# Catalinbread Dirty Little Secret with Timmy (Wow)



## Evilmusician (Apr 13, 2007)

Just got my DLS and I don't think my Timmy will ever leave my board ,both are great pedals ,but stacked! = Wow! if you have em try it ,it sounds great!


----------



## Rwinder (Oct 20, 2008)

Arg.
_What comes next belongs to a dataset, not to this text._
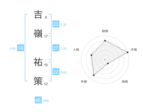 吉嶺 祐策さんの総格は45画の4点!

I really need to get a timmy...


----------



## Deef (Nov 5, 2006)

For sure, I love my Tim and DLS combo, it's not too fizzy or anything like that if you set it up right.


----------



## Evilmusician (Apr 13, 2007)

I don't find the combo fizzy at all Deef ,in fact I also find it super quiet! great set up, I also use it with my Lovepedals Kanji ,and Karl


----------



## hollowbody (Jan 15, 2008)

I'd love to try that combo...wanna sell me yours???


----------



## Deef (Nov 5, 2006)

Evilmusician said:


> I don't find the combo fizzy at all Deef ,in fact I also find it super quiet! great set up, I also use it with my Lovepedals Kanji ,and Karl


You just said the exact thing I said, that it wasn't fizzy... LOL


----------



## Evilmusician (Apr 13, 2007)

Lol ha you said not too fizzy lol ! also it's been a long day I need to go play my guitars now ! cheers!kkjuw


----------



## Deef (Nov 5, 2006)

Either way, you have great taste in pedals!!! hahaha

Have a good one!


----------



## bantoto (Sep 28, 2009)

How heavy do they get together?


----------



## Deef (Nov 5, 2006)

I wouldn't know, bantoto, I just play blues and country with them on single coil guitars. I have other amps that I'll use for rock or metal.


----------



## ThePass (Aug 10, 2007)

Stupid question,

What is a "Timmy"?


----------



## Deef (Nov 5, 2006)

It's an O/D pedal made by Paul Cochrane... its a smaller version of the Tim pedal, also made by Paul Cochrane.


----------